### What to produce:
When you copy the material below, keep every line exact and omit the pictures.

### Collected material:
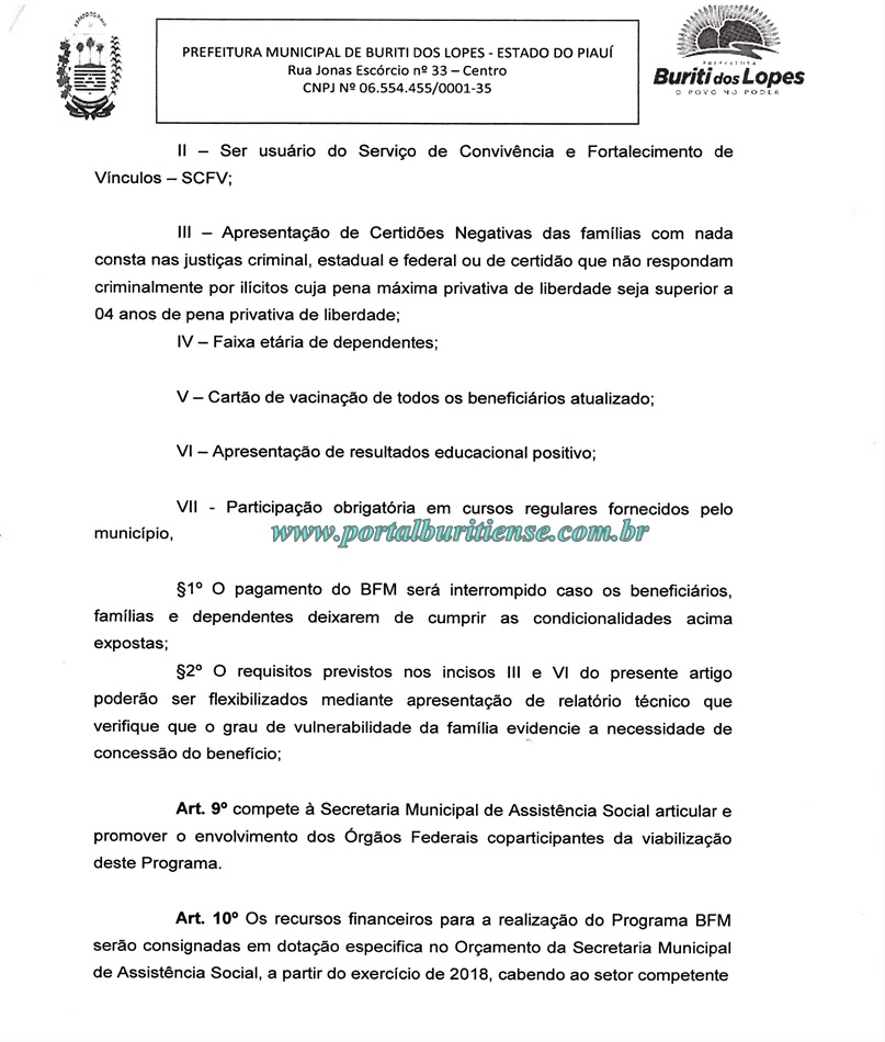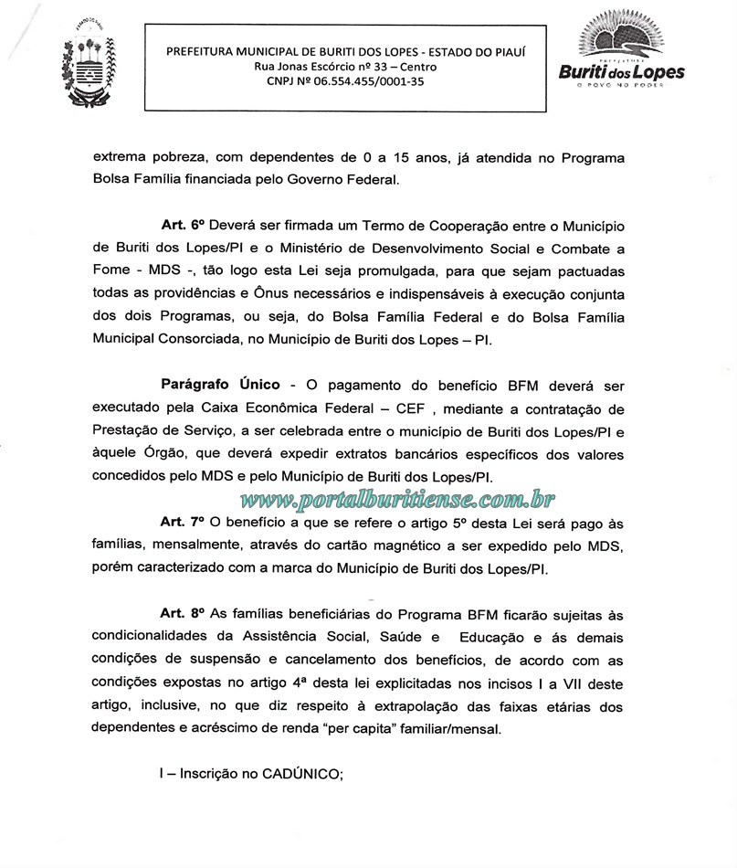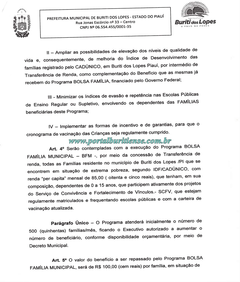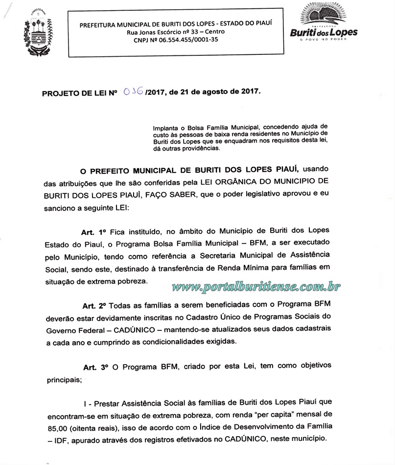 A Câmara Municipal de Vereadores de Buriti dos Lopes recebeu na noite desta quarta (30), o Projeto de Lei N° 016/2017 de autoria do Executivo Municipal que prevê a implantação do Programa Bolsa Família Municipal (BFM), o mesmo visa conceder ajuda de custa às pessoas de baixa renda que residem no município e se enquadrarem nos requisitos da referida Lei.
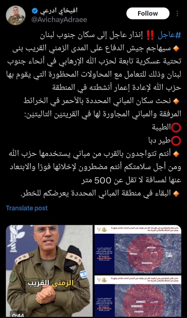 التهديد الجيش الإسرائيلي بقصف في بلدةطيردبا و الطيبه
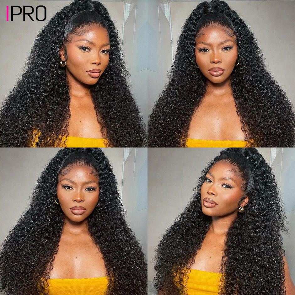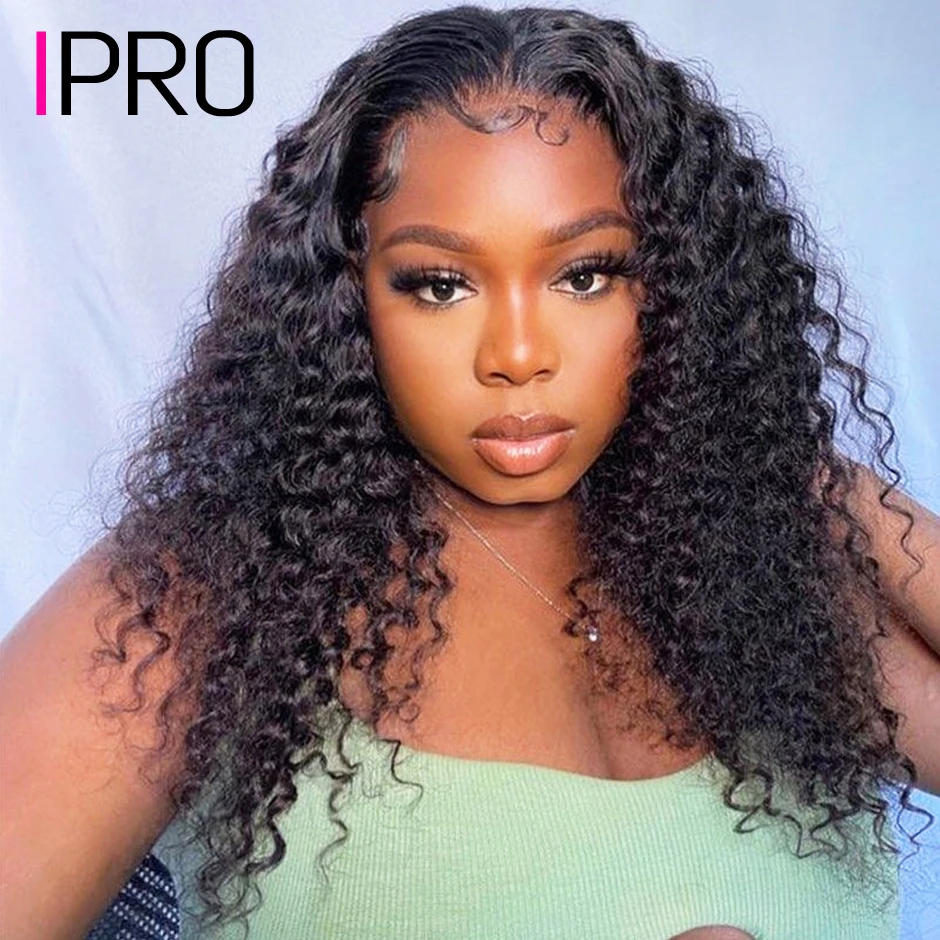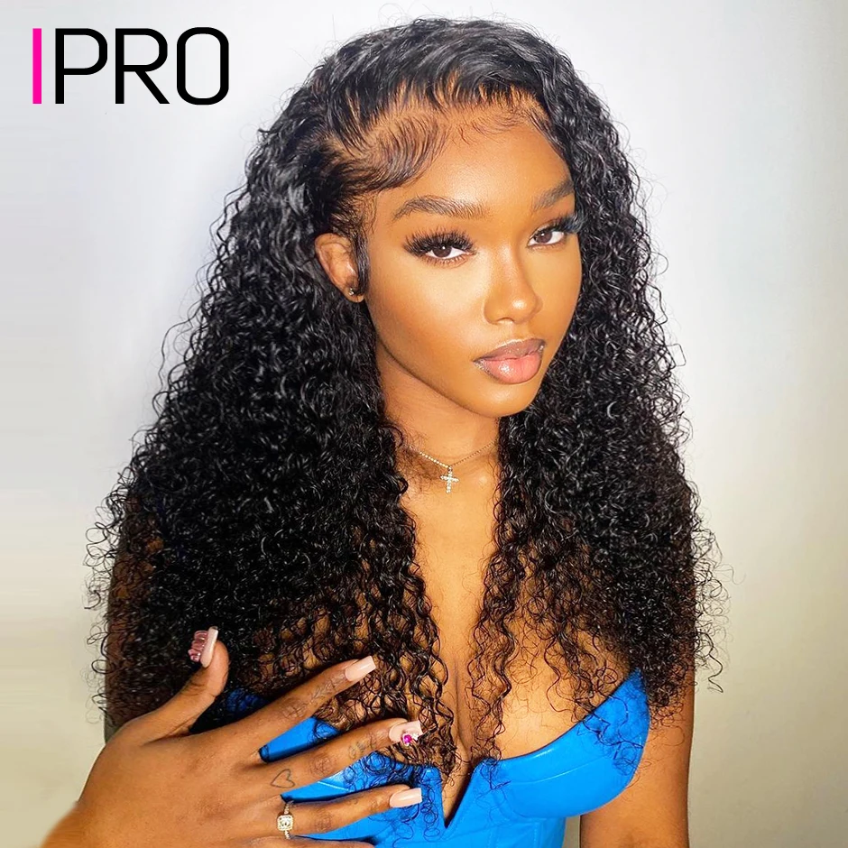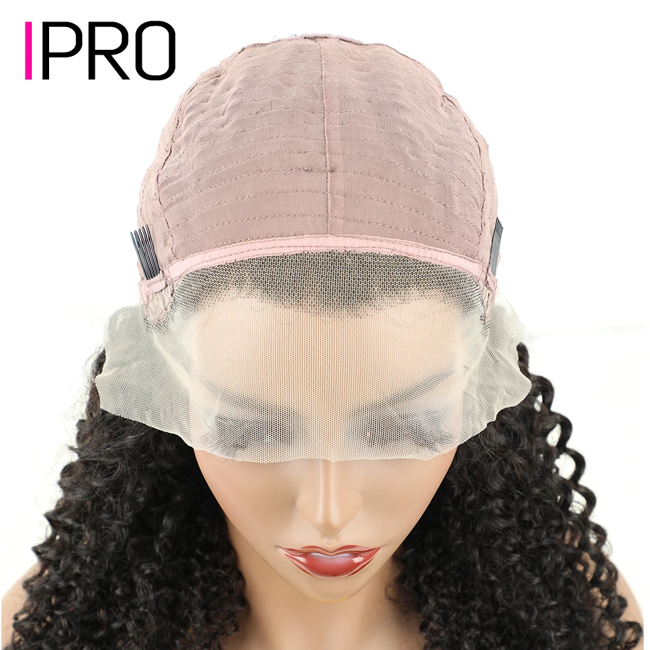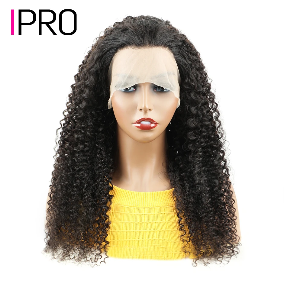 Парик IPRO из натуральных вьющихся человеческих волос, 13 х1 дюймов, парик на сетке, парик полностью изготовленный машиной для женщин, 180% прозрачный парик на сетке

### Exercise response:
 A Câmara Municipal de Vereadores de Buriti dos Lopes recebeu na noite desta quarta (30), o Projeto de Lei N° 016/2017 de autoria do Executivo Municipal que prevê a implantação do Programa Bolsa Família Municipal (BFM), o mesmo visa conceder ajuda de custa às pessoas de baixa renda que residem no município e se enquadrarem nos requisitos da referida Lei.
 التهديد الجيش الإسرائيلي بقصف في بلدةطيردبا و الطيبه
 Парик IPRO из натуральных вьющихся человеческих волос, 13 х1 дюймов, парик на сетке, парик полностью изготовленный машиной для женщин, 180% прозрачный парик на сетке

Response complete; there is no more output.